China's professional profit growth slows amid high raw material prices

Business
China's professional profit growth slows amid high raw material prices
Profit growth at China's commercial companies slowed again in May as surging raw material prices squeezed margins and weighed on factory activity.

Profits at China's commercial organizations rose 36.4per cent in May from a year earlier to 829.92 billion yuan (US$128.58 billion) official data showed on Sunday.

That was a slowdown from the 57per cent surge reported in April, according to National Bureau of Statistics.

The world's second-largest economy has largely recovered from disruptions due to COVID-19, nonetheless it faces new challenges such as for example elevated raw material costs and global supply chain crunches. Officials warn that China's recovery remains uneven.

Imbalances in profitability became prominent between upstream and downstream organizations because of high commodity prices, said Zhu Hong, an official at the statistics bureau.

"The building blocks for recovery isn't yet solid," he said in a statement accompanying the data.

Profits grew rapidly in the metals, chemicals and petroleum sectors, while smaller and downstream enterprises saw a lot more pressure, Zhu said.

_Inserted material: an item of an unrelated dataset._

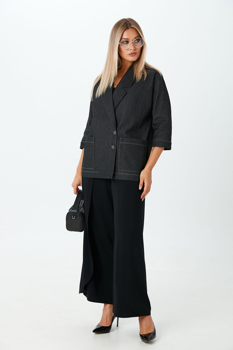 Жакет большого объёма с двубортной застежкой по одной стороне на петли и пуговицы. Рукава 3/4 с манжетами. Жакет без подкладки. По переду расположены накладные карманы. Длина жакета по спинке 70-72 см.

For the January-May period, industrial firms' profits grew 83.4per cent from the same period a year earlier to 3.42 trillion yuan.

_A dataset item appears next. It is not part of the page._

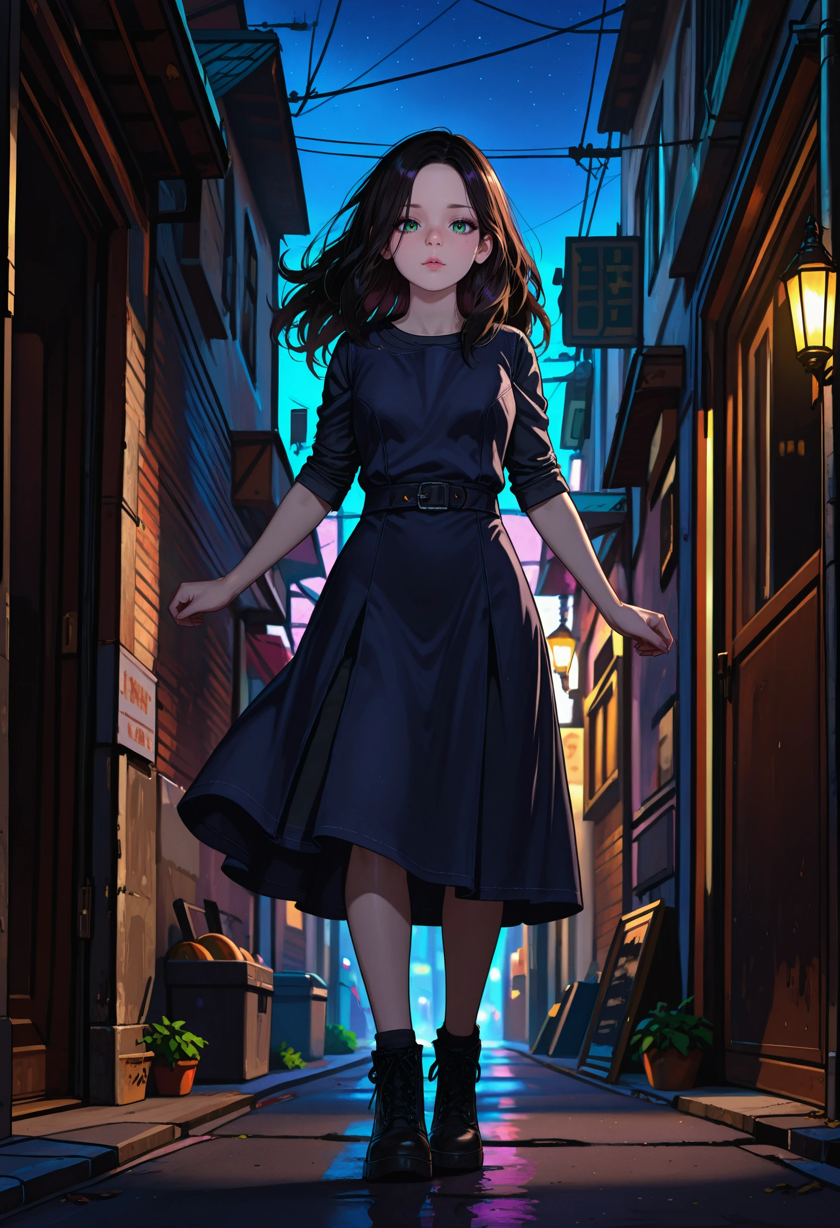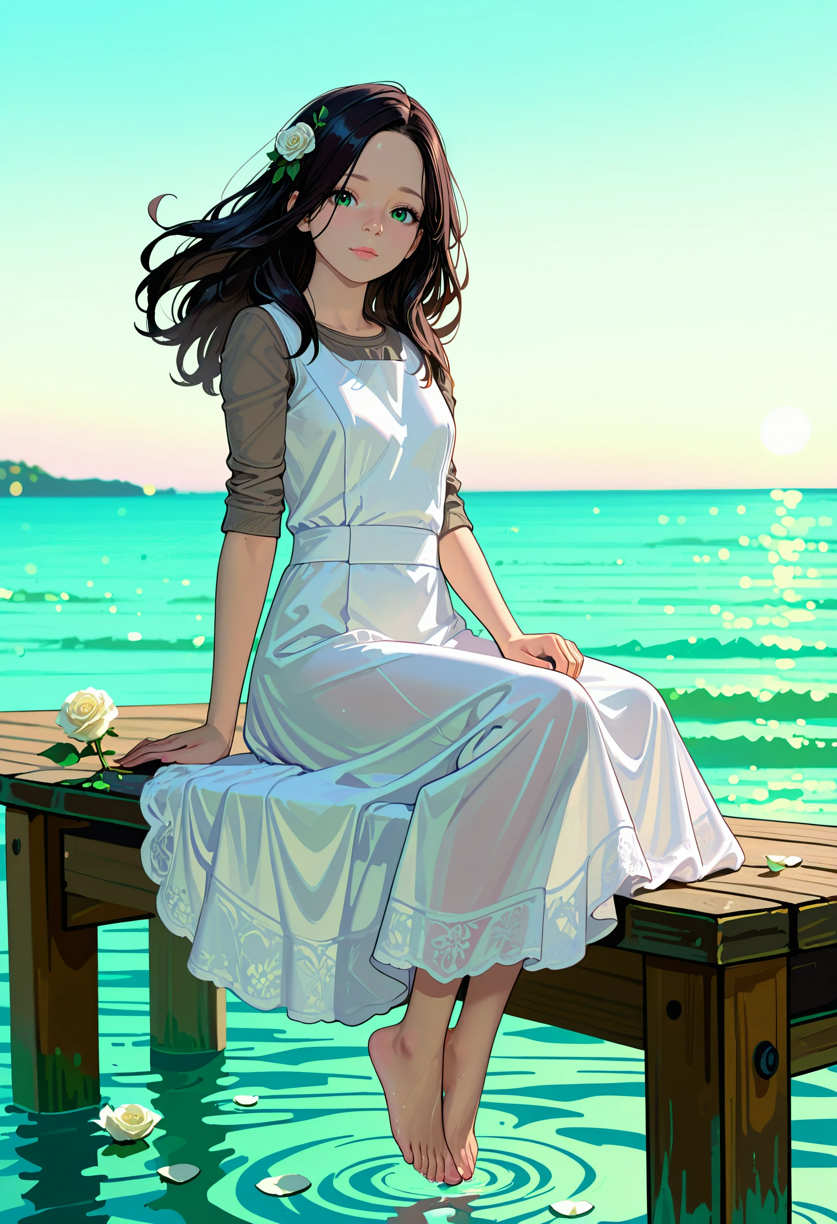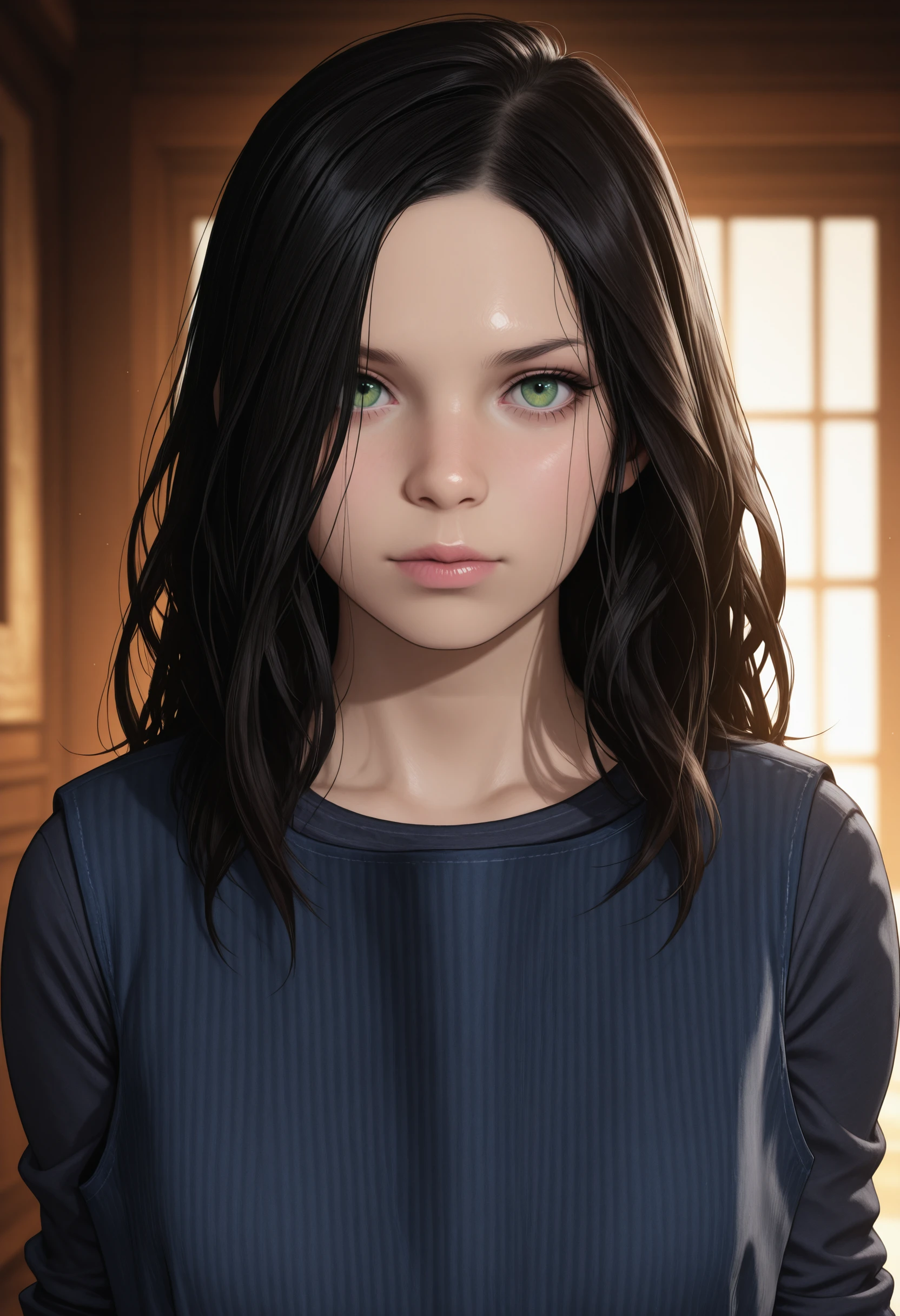 RE7Eveline, 1girl, black hair, long hair, green eyes

Factory-gate inflation saw its quickest gross annual growth in over 12 years in May driven by surging commodity prices, posing risks to profit margins for mid- and downstream firms.

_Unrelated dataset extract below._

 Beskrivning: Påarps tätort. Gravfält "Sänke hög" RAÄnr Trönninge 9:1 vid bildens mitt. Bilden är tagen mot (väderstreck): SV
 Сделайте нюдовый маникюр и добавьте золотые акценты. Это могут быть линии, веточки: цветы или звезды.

Chinese policymakers have stepped up efforts in recent weeks to cool runaway metals prices, including selling supplies from state reserves, but with global demand continuing to recuperate some analysts believe the moves could have only a restricted impact.

China's official manufacturing data this week is likely to show weaker growth in activity in June, likely because of disruptions caused by COVID-19 flare-ups at the country's major southern ports. In addition, investors will be seeking to trends in input costs and prices for any further signs of margin pressure.

Liabilities at industrial organizations were up 8.2per cent year-on-year towards the end of May, versus 8.6per cent growth per month earlier.

The professional profit data covers large companies with gross annual revenues of over 20 million yuan from their main operations.